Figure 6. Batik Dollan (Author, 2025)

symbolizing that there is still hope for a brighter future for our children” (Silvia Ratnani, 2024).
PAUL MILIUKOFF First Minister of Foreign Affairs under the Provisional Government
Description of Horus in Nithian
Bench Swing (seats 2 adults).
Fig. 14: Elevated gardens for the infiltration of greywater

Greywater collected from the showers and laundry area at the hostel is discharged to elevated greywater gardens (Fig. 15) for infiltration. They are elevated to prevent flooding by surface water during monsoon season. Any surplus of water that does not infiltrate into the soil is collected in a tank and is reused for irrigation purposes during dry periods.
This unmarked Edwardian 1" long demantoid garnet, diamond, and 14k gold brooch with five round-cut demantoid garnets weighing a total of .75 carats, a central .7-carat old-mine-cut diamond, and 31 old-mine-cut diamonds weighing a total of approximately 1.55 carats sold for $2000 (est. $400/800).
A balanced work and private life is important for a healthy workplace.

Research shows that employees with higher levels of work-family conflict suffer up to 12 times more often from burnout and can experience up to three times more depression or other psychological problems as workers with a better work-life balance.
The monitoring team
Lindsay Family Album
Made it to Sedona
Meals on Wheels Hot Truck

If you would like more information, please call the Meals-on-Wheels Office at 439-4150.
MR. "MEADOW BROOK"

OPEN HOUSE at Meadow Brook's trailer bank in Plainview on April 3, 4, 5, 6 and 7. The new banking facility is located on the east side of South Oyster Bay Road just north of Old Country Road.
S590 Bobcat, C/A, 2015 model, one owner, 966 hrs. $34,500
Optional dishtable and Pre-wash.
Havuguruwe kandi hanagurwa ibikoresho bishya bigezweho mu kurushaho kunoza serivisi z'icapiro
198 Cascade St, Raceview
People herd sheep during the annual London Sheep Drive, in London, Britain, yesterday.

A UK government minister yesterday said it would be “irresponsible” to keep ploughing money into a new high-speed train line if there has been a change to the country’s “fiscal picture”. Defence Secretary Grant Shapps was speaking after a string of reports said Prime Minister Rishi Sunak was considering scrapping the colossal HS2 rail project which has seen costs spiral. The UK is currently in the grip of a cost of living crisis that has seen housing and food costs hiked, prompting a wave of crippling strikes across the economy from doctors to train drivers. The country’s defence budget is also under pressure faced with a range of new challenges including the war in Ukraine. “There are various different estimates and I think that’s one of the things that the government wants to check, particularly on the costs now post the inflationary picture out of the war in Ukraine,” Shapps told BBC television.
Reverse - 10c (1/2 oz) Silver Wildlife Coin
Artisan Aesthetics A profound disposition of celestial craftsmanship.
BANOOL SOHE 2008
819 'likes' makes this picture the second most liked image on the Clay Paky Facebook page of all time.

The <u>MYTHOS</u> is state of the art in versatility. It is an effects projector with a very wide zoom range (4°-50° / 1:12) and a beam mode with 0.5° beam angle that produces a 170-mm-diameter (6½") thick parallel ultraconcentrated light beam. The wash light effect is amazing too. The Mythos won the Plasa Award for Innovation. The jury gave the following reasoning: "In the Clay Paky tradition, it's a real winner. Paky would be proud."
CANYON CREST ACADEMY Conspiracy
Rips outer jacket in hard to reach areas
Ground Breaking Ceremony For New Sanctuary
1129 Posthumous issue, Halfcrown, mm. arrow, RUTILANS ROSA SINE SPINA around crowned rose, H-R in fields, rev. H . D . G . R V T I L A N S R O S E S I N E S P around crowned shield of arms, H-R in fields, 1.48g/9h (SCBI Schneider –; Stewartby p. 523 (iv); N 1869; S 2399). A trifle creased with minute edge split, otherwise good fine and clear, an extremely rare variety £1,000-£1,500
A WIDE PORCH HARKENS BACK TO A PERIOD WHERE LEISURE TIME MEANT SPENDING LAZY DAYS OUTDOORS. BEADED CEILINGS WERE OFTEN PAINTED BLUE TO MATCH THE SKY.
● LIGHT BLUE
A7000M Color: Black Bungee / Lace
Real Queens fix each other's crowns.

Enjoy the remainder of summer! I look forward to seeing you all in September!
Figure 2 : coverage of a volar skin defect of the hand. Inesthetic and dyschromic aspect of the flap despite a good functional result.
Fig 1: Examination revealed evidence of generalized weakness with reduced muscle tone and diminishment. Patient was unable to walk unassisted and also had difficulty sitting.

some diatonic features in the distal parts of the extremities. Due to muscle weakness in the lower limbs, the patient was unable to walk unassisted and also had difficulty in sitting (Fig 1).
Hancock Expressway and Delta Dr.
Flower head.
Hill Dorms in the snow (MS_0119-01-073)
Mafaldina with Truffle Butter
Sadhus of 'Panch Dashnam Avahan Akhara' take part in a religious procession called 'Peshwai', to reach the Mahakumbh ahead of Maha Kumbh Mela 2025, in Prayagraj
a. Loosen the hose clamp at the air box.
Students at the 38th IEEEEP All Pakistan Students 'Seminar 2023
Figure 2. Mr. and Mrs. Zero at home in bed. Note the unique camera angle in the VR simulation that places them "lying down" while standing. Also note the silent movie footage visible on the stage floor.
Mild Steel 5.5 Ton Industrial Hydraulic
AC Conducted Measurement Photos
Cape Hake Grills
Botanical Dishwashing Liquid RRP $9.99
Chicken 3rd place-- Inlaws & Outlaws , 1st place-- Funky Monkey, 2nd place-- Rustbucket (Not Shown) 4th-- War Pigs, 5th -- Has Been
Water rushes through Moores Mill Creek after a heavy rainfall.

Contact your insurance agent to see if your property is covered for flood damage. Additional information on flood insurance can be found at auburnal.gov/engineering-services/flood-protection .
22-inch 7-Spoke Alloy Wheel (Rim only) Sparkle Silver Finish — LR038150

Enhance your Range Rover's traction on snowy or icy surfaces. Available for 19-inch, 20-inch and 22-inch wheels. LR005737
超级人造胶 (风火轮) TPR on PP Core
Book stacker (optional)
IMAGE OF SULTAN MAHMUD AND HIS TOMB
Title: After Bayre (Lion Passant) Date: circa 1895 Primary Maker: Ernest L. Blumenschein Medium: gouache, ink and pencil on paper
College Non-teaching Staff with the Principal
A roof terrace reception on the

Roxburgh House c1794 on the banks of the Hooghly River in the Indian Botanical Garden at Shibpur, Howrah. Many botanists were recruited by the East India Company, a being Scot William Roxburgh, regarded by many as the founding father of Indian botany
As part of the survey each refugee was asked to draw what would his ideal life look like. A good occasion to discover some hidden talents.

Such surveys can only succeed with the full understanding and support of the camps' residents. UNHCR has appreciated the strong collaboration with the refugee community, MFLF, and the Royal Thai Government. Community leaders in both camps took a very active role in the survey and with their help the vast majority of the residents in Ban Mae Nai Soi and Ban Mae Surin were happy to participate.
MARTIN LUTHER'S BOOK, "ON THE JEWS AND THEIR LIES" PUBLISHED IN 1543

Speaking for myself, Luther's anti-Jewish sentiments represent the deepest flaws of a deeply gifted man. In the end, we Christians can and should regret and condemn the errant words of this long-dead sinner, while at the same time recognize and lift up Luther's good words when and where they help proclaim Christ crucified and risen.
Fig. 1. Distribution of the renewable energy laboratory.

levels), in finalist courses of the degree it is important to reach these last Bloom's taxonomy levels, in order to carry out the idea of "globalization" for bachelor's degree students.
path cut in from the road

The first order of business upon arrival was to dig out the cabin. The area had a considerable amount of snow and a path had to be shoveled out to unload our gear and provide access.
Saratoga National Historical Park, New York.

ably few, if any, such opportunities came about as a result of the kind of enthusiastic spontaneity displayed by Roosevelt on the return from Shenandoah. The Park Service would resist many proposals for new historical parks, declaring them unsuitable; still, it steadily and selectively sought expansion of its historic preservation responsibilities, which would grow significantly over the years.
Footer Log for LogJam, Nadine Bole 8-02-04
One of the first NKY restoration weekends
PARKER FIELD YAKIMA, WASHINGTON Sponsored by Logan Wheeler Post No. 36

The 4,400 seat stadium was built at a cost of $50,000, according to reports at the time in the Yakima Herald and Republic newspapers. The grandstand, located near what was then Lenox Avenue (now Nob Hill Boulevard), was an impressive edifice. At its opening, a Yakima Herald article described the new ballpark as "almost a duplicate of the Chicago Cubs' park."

● Work instruction
Go through the entries above and copy each line holding the string "unable".

● Task solution
Fig 1: Examination revealed evidence of generalized weakness with reduced muscle tone and diminishment. Patient was unable to walk unassisted and also had difficulty sitting.
some diatonic features in the distal parts of the extremities. Due to muscle weakness in the lower limbs, the patient was unable to walk unassisted and also had difficulty in sitting (Fig 1).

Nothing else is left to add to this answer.